The Notebook is one of my favorite movies of all time; of course it is a love story and captures thousand of hearts. The interesting thing about this movie is it ties into psychology. Psychology is around us all the time. One of the main parts of the movie is how Allie is suffering from dementia at an older age and she can't remember whom Noah, her children, or her grandchildren are. She is suffering from severe memory loss and throughout the whole movie Noah tells Allie the story of her life, and he thinks she will begin to remember again. At one point in the story Allie remembers who Noah is, and it is such a sad but wonderful part, she can only remember who he is for a moment though, before she relapsed.
Dementia is a chronic brain syndrome that affects many older people. Dementia is a loss of brain function and it affects the memory, thinking, language, judgment, and behavior. Alzheimer's Disease and dementia are very similar but dementia is just a syndrome and Alzheimer's disease is the actual illness. Allie probably suffered from Alzheimer's disease. Many types of dementia are nonreversible, so the patient would never get their memory back. In some cases, like Allies, it does come back for small instances. Allie's hippocampus was being damaged because that is where memory is located in the brain.
I think it is really amazing how Noah held on to Allie even though she did not even know who he was.
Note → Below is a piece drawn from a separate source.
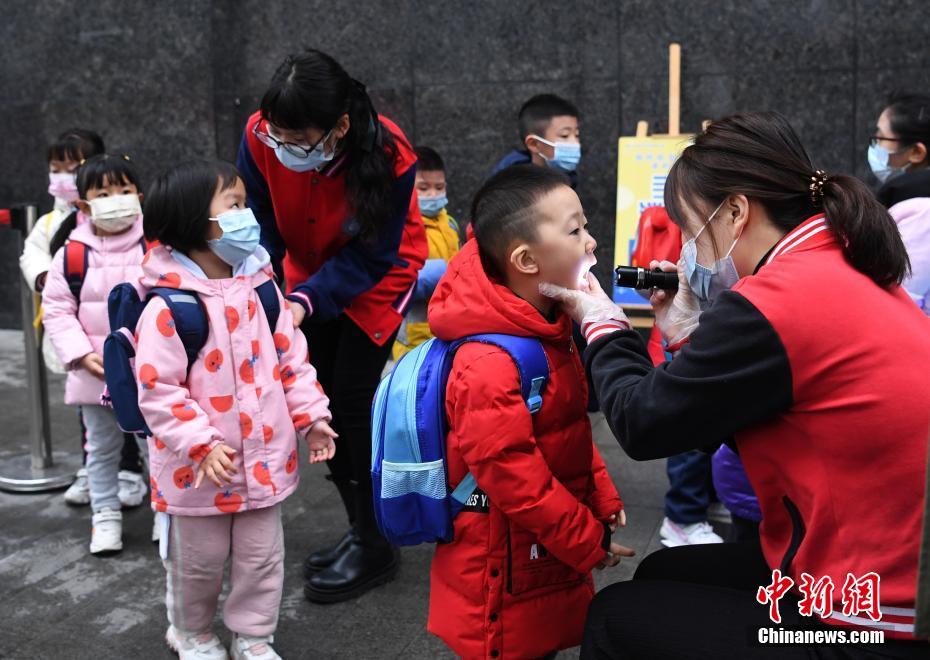 3月1日,重慶市大渡口區(qū)一幼兒園的老師正在為進校學生檢查口腔。當日,在做好疫情防控的前提下,重慶市中小學幼兒園全面開學行課。中新社記者 陳超 攝

In the end of the movie Allie remembered who Noah was and true love conquered all.
http://www.ncbi.nlm.nih.gov/pubmedhealth/PMH0001748/
Alzheimer's disease is a very real and painful illness that usually shows signs around the age of 65. In my case, this topic hits close to home as my aunt suffered from it and passed away at the age 62; she had what is called famile Alzheimer's in which it develops between the age of 30-60. While there has been much debate about the "cure" for Alzheimer's it doesn't look like we will find it soon; I recently watched the Rise of the Planet of the Apes where James Franco's character tries out an experimental drug out on his father with Alzheimer's and he is seemingly better for a couple of months before his body became immune to the compounds--funny how movies can do the "impossible".